陆远从木桶里站起身,水珠顺着他身体的线条滑落。

  他没有擦干,只是静静感受着体内的变化。

  气血在血管里流淌的声音,似乎都能被听见,像一条奔涌的小河。

  屋子里那股刺鼻的药味,此刻闻起来,却带上了一丝奇异的香甜。

  他推开门。

  林知念就守在门外,靠着墙壁,手里还攥着那张药方。

  她听到动静,猛地抬起头,眼睛里布满了血丝。

  看到陆远安然无恙地走出来,她紧绷的身体才松弛下来。

  “你……”她想问什么,又不知从何问起。

  “我饿了。
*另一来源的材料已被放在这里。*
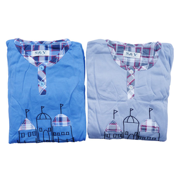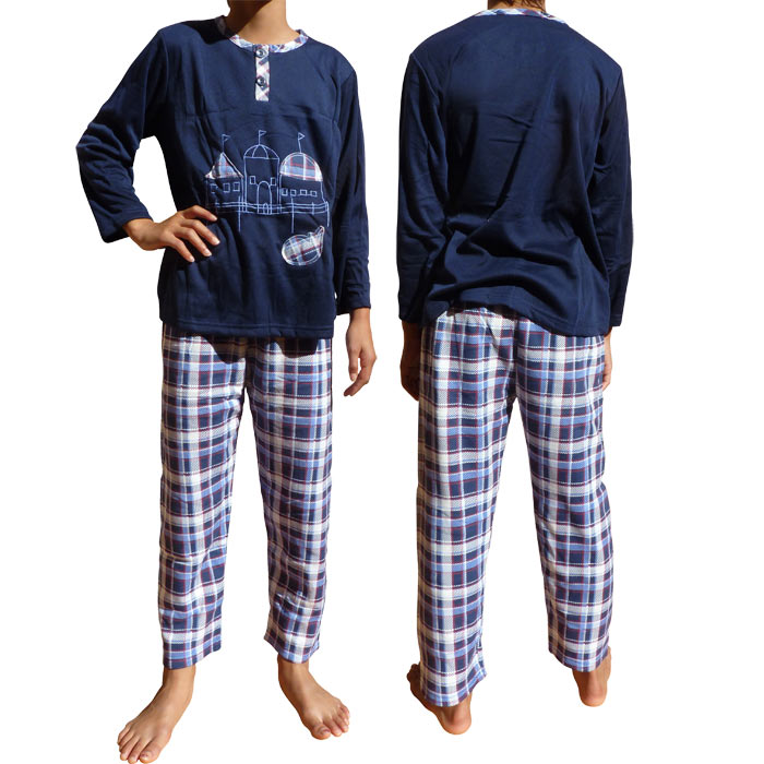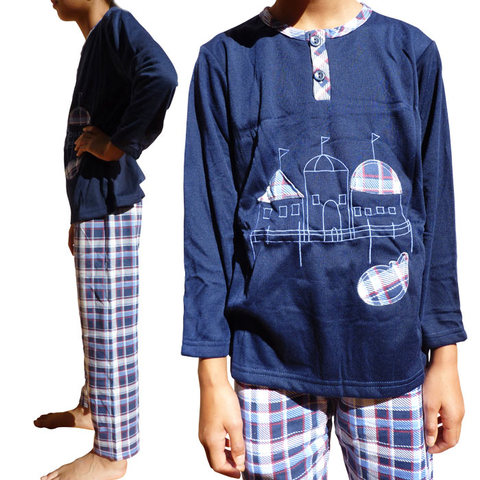 Pyjama enfant manche longue, 80% coton, pour garçon de 4 à 14 ans,. Intérieur flanelle pilou. Col rond boutonné avec liseré contrasté au niveau du col. Pyjama uni avec broderie "châteaux" sur le devant de la tunique. . Pantalon à carreaux élastiqué à la taille. 6 tailles, vendu par lot de 6 pièces.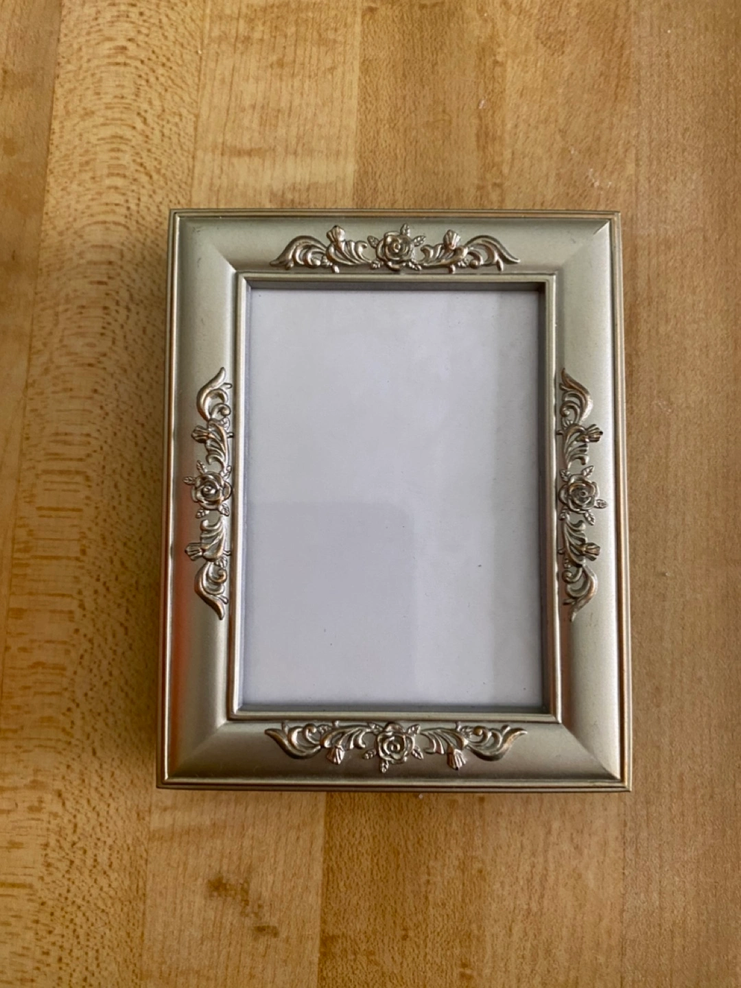 Cute vintage silver-tone picture frame, holds a 2.5” wide x 3” high photo. Pick up only in the Trinity Bellwoods area, cash only

”陆远说。

  他的声音比之前更沉,带着一种金属般的质感。

  林知念点了点头,转身快步走向厨房。

  陆远回到屋里,换上一身干爽的旧衣。

  他握了握拳,骨节发出一连串细密的脆响。

  这具身体里,蕴藏着一股让他自己都感到心惊的力量。

  他需要验证这股力量。

  也需要给家里添置些东西。

  那五十两银票不能轻易动用,是危急关头的保命钱。

  但王福他们身上搜刮来的那些碎银子,必须尽快花出去,换成实实在在的东西。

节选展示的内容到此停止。